With a flourish, she handed the perfumed cardstock to Mattie. Leaning close to her, Vera spoke in a lower voice that still managed to carry to Leo’s ears, too, despite the noise buffeting them. “Have fun, and don’t take things too seriously. That is the quickest way to ruin a delightful affair.” Then, stepping back, she cried to both of them, “Enjoy the Duesy, darlings!” before disappearing into the crowd.
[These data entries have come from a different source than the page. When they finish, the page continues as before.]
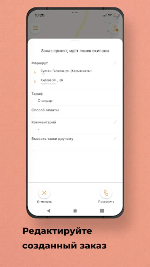 Edit it: change wishes, stops, destination address and fare.
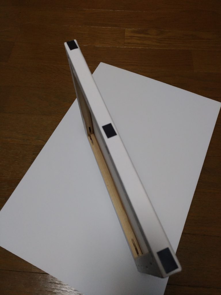 両サイドのキャンバス側面にこういったマグネット(磁石)を貼り付けて…
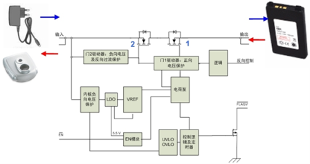 移動設備的直接充電通道面臨著浪涌電流效應和正/負向過壓等風險。適配器熱插入的瞬間,由于線纜的寄生電感和輸入電容的緣故,危險的高壓振鈴可能會損害移動設備中敏感的集成電路(IC)。在這方面,設想的移動設備保護方案應可通過控制保護方案內的MOSFET的導通,使移動設備輸入電流和輸入電壓不超過IC所能承受的電壓值,從而保護移動設備免于源自各種應用環境下可能存在的過壓故障的損害,如由適配器內部故障產生的正向過壓、適配器插反產生的負向過壓等。
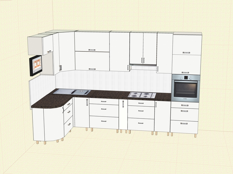 Попробую расчертить свою кухню по вашему примеру. У меня вот только плита газовая и вытяжка должна быть выше, чем остальные шкафчики. Если будут у меня вопросы по ходу моего личного проектирования, можно задавать?
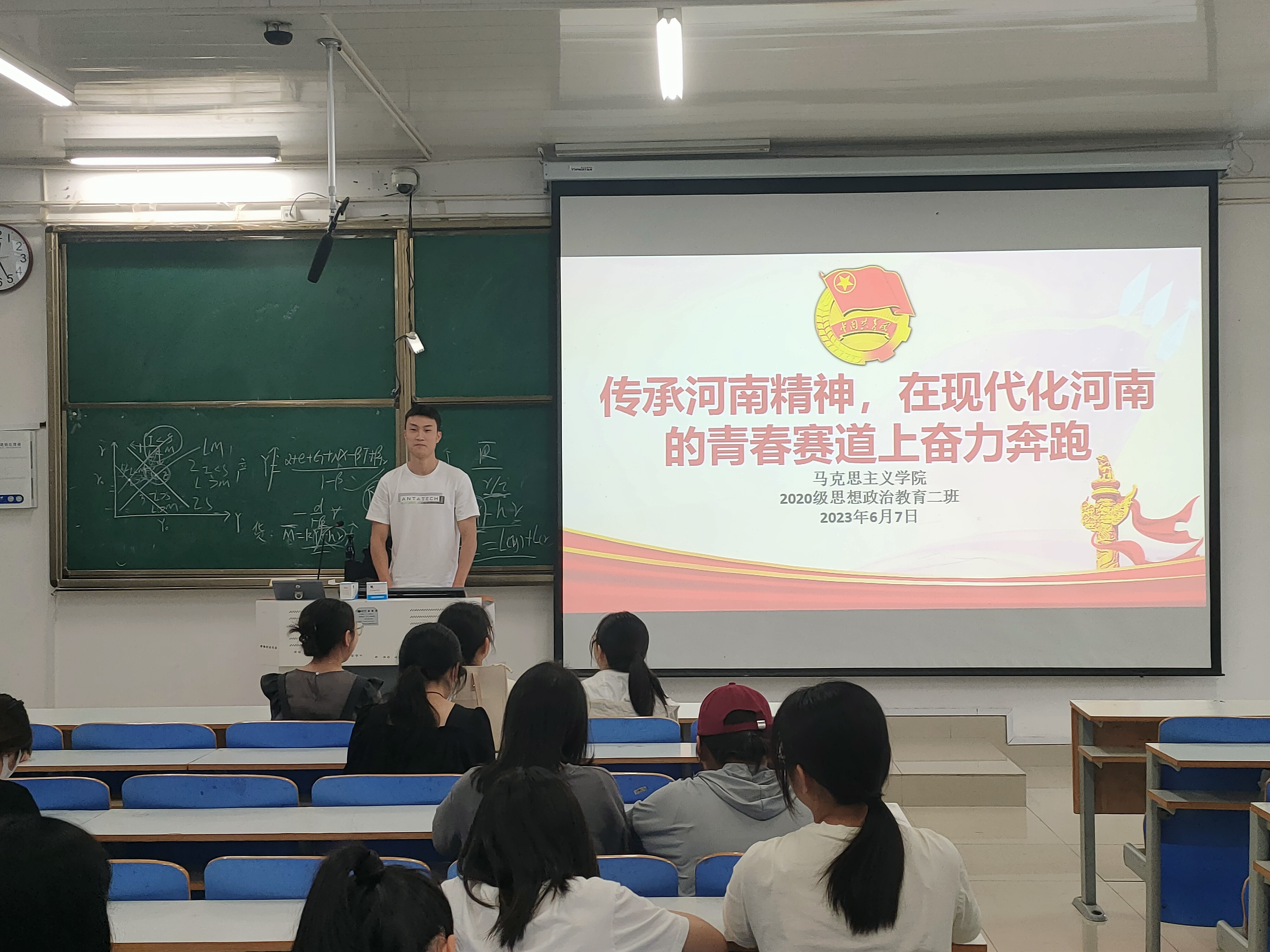 为重温河南省第十一次党代会精神,激发青年学生拼搏奋进内生动力,6月7日上午,beat365在线唯一官网2020级思想政治教育二班、定向二班在社科楼514教室开展“重温河南省第十一次党代会精神,凝聚现代化河南建设伟力”主题团课。二班、定向二班全体团员共同参与本次团课。团课由团支书陈宇航主持。
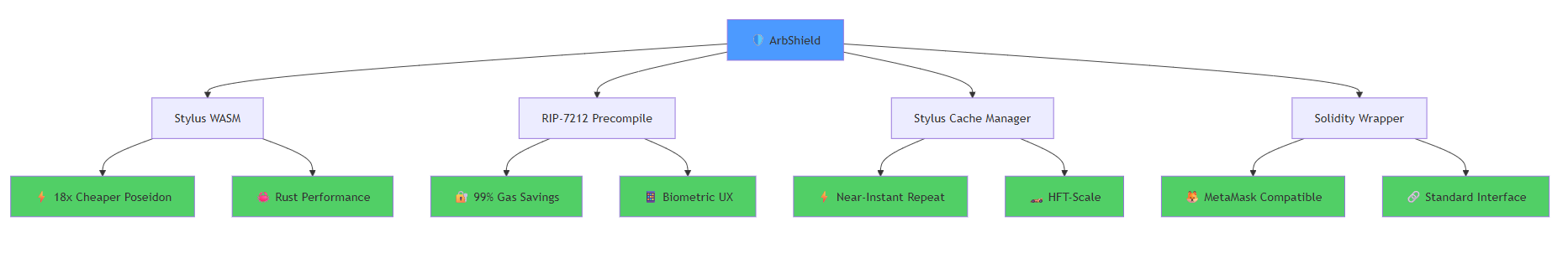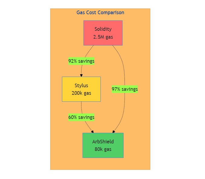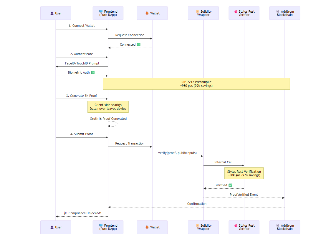 ZK Verification | Stylus Rust + arkworks | Native WASM execution | 97% savings |
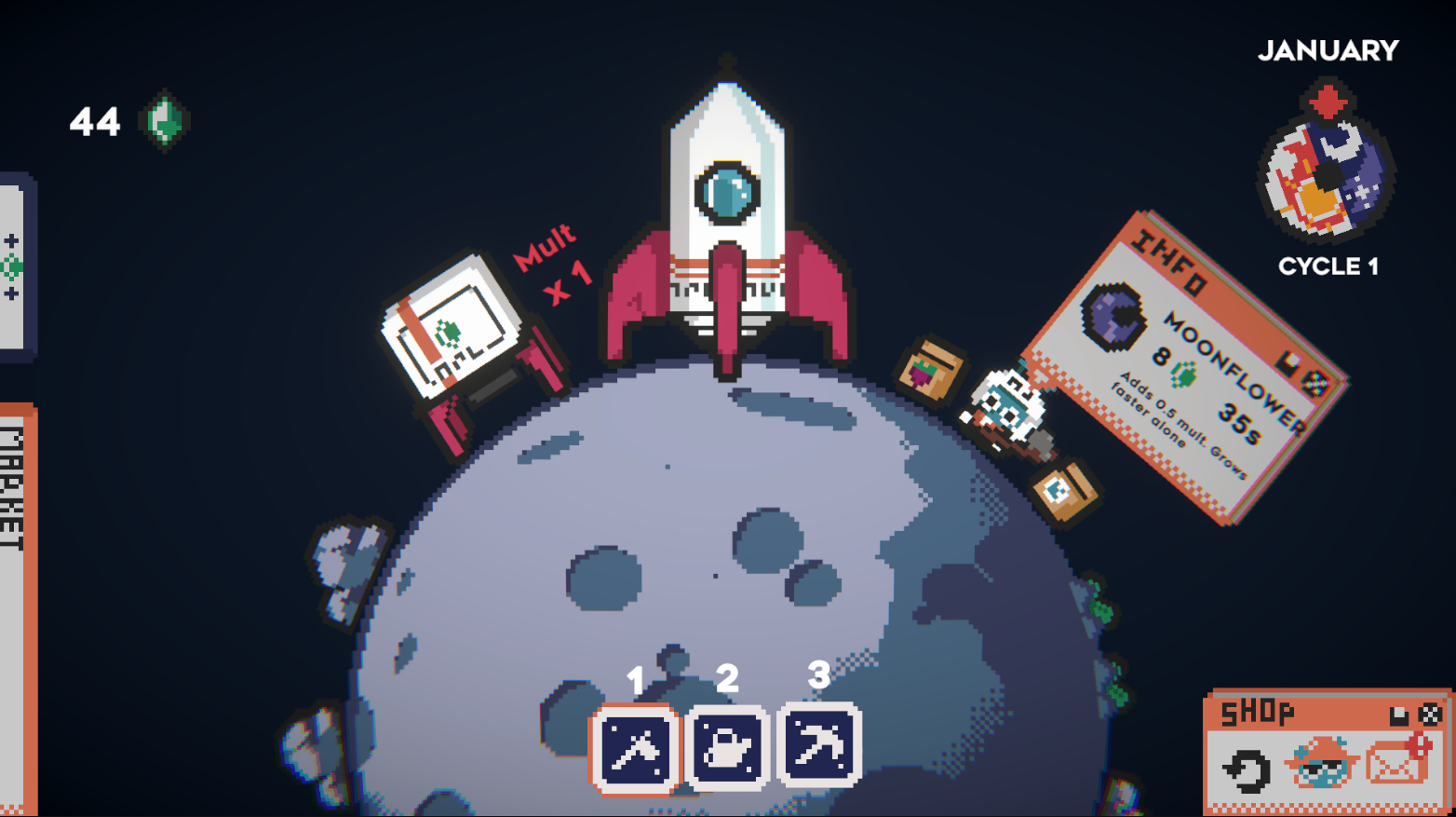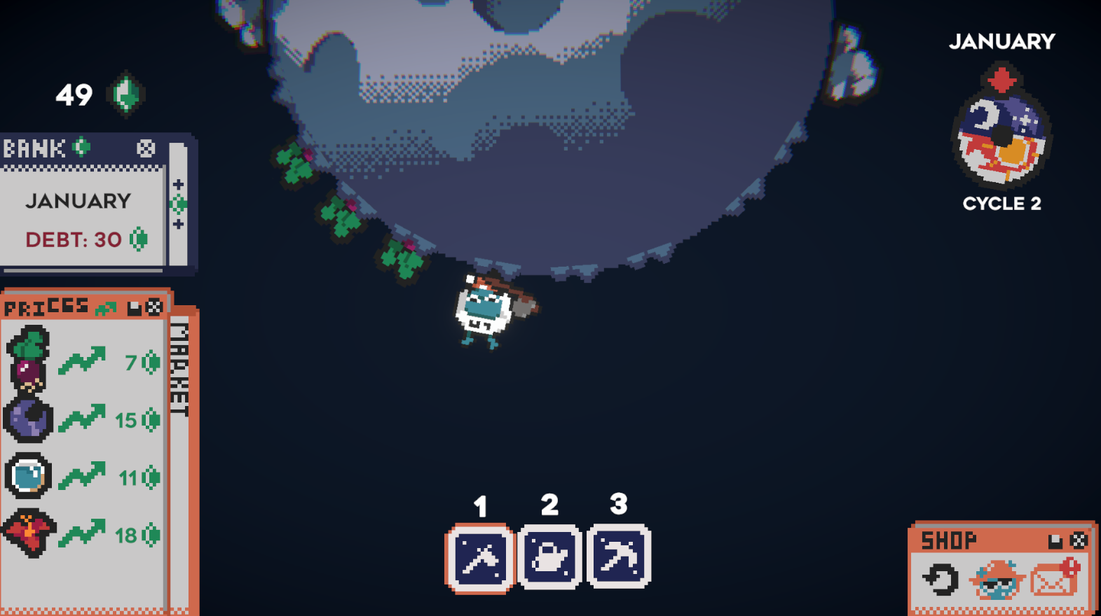 A space farming roguelike where you must plant and sell your crops to be able to pay your monthly debts.
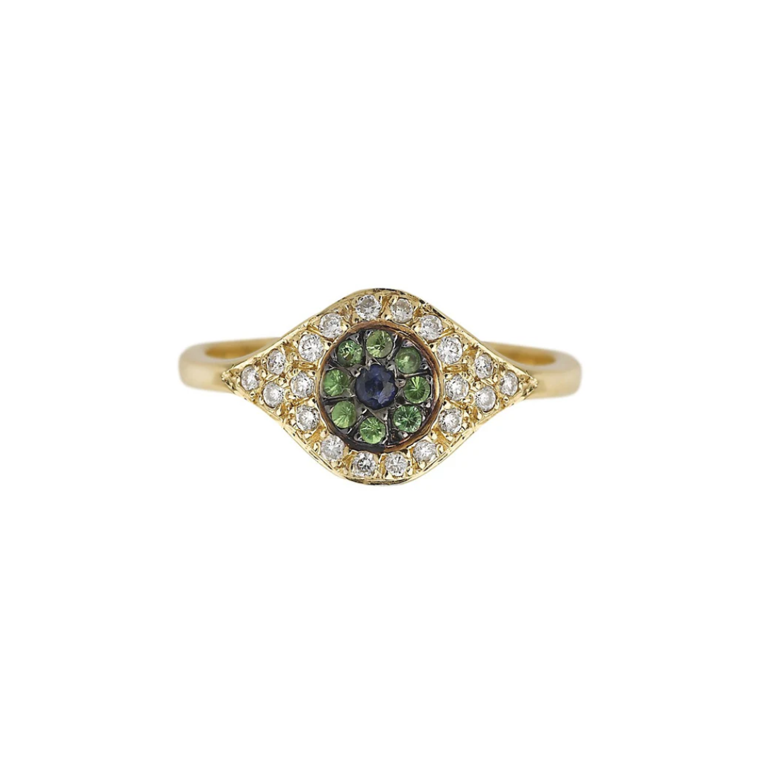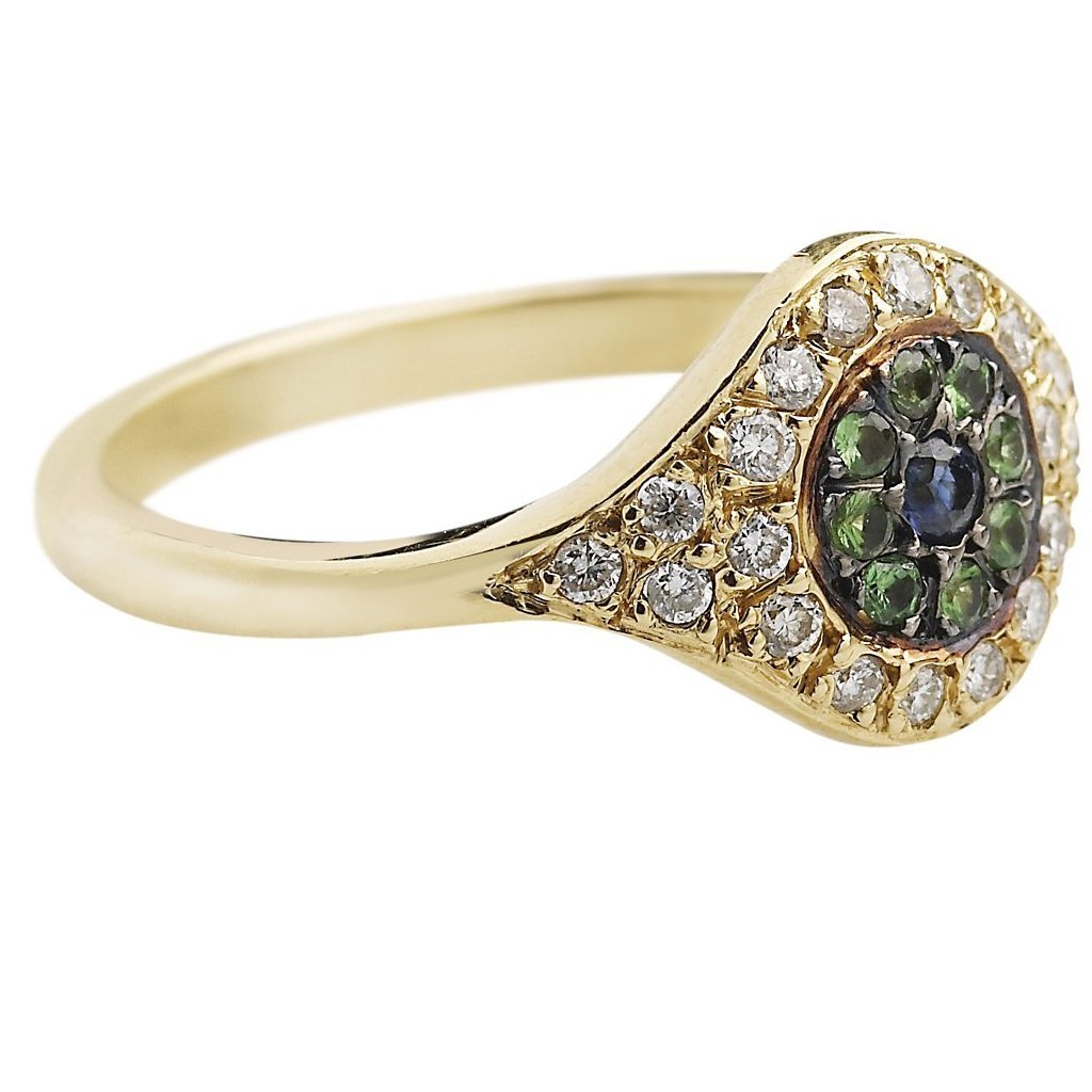 Handmade from 18-karat yellow gold, this 'Cats Eye' ring is set with 0.33 carats of white diamonds, tsavorites and blue sapphire centre.

“I enjoy having a wealthy chum.” Mattie smiled impishly up at Leo. He wanted to kiss her then and press his lips against the wide mouth that had fascinated him for years. But he’d waited this long, and he certainly wasn’t going to have their first embrace in a speakeasy that reeked of bootlegged booze, imported cigars, and cheap cigarettes.
“Being friends with Vera has its perks,” Leo admitted, although he wondered a little about her cavalier approach to romance. But then, unlike the heiress, he rarely did anything lightly.
“Who’s going to drive?” Mattie asked.
“How is that even a question? Obviously you.” Leo chuckled as he gently rested his arm on Mattie’s shoulders, something he’d imagined doing more times than he could ever count. He’d underestimated how good it would feel. His hand brushed against the soft skin of her upper arm. He’d never felt something so smooth and inviting.